Rounding
Rounding numbers is important to generate numbers in mathematical calculations by producing a smaller number of digits.
Rules for Rounding Numbers
When rounding whole numbers there are two rules to keep in mind:
1. Find the digits for your rounding and look at the right side. If the digits are 0, 1, 2, 3 or 4, do not change the rounding number. All digits to the right of the required rounding digit will become 0.
2. Find the digits for your rounding and look to the right. If the digit is 5, 6, 7, 8 or 9, you can round the number by one number. All digits to the right of the required rounding digit will become 0.
Read also: Mean Mathematics | Examples, Questions and Answers
Rules for Rounding Decimal Numbers
When rounding decimal numbers, there are 3 rules to keep in mind:
Find your rounding number and look to the right side. If the number is 4, 3, 2 or 1, simply “drop” / round all digits to the right of it.
Find the digits for your rounding and look to the right. If the number is 5, 6, 7, 8 or 9 add one to the rounding number and “drop” / round all digits to the right of it.
Some teachers prefer this method: This rule provides more accuracy and is sometimes referred to as the “Banker Rule” (banking department). If the first digit dropped is 5 and there is no following digit or digit following a zero, make the previous number (even round to the nearest even number). For example, 2.315 and 2.325 are both 2.32 when rounded to the nearest hundredth order. Note: The reason for the third rule is that approximately half of the times will be rounded off and the other half of the time will be rounded.
Rounding to the nearest tens
Look at the hundredths digit (the digit after the tenths digit).
If it is less than 5 then round the number down by removing the decimal part of the number after then tenths digit;
if it is 5 or more then round the number up by adding one on to the tenths digit and removing the rest of the decimal part of the number.
Examples
1.6 = 2
1.16 = 1.2
1.25 = 1.3
1.76 rounds up to 1.8 because the hundredths digit is a 6.
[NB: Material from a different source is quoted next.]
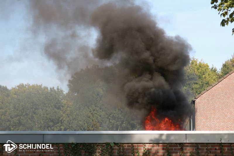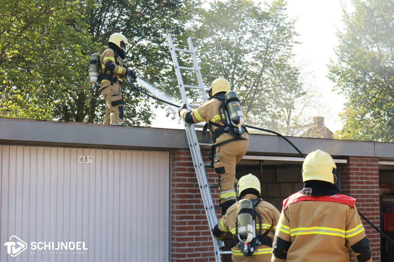Schijndel - Dinsdagmiddag rond half vier werd de brandweer van Schijndel met spoed opgeroepen naar de Van Oost-Frieslandstraat. Daar stond een dak van een garage in brand. Dit is gebeurd na werkzaamheden aan het dak. De werklui waren al een tijdje weg toen er plots rook en vlammen vanaf het dak te zien waren. De brandweer was snel ter plaatse en heeft met twee stralen de brand geblust. Ook werden er na het blussen nog metingen gedaan. Enkele dakrollen werden naar beneden gegooid en nog na geblust. Hoe de brand is ontstaan is onbekend. Enkele foto's onder lees meer, evenals een korte video. Meer beelden volgen later.

8.746 rounds down to 8.7 because the hundredths digit is a 4.
14.252 rounds up to 14.3 because the hundredths digit is a 5.
Rounding To Nearest Hundreds
525 = 500
717 = 700
1,250 = 1,300
2,781 = 2,800
4,524 = 4,500
5,359 = 5,400
6,168 = 6,000 + 100 + 68 = 6,000 + 100 + 100 = 6,200
6,998 = 6,000 + 900 + 98 = 6,000 + 900 + 100 = 7,000
10,343 = 10,000 + 300 + 43 = 10,000 + 300 + 0 = 10,300
7,423 = 7,400
Rounding to Nearest Tens of Thousands & Hundreds of Thousands
58,943 = 50,000 + 8,943 = 50,000 + 10,000 = 60,000
350,165 = 300,000 + 50,165 = 300,000 + 50,000 = 350,000
123,965 = 100,000 + 23,965 = 100,000 + 20,000 = 120,000
668,265 = 600,000 + 68,265 = 600,000 + 100,000 = 700,000
247,625 = 200,000 + 47,625 = 200,000 + 50,000 = 250,000
Rounding Whole Numbers
The numbers can be rounded to the nearest ten, hundred, thousand, and so on.
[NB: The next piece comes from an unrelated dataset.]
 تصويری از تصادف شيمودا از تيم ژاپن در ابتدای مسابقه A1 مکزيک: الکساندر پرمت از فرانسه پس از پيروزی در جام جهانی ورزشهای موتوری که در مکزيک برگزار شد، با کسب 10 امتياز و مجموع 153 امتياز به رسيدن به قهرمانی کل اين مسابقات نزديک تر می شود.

When rounding a number, first identify the rounding digit. Then follow the following two rules.
(a)(a) If the number to the right of the rounding digit is 0,1,2,3, or 40,1,2,3, or 4 (that is, less than 55 ), then keep the rounding digit and change the rest of the digits right to the rounding digit to zero.
Rounding Decimals
First work out which number will be left when we finish.
Rounding to tenths means to leave one number after the decimal point.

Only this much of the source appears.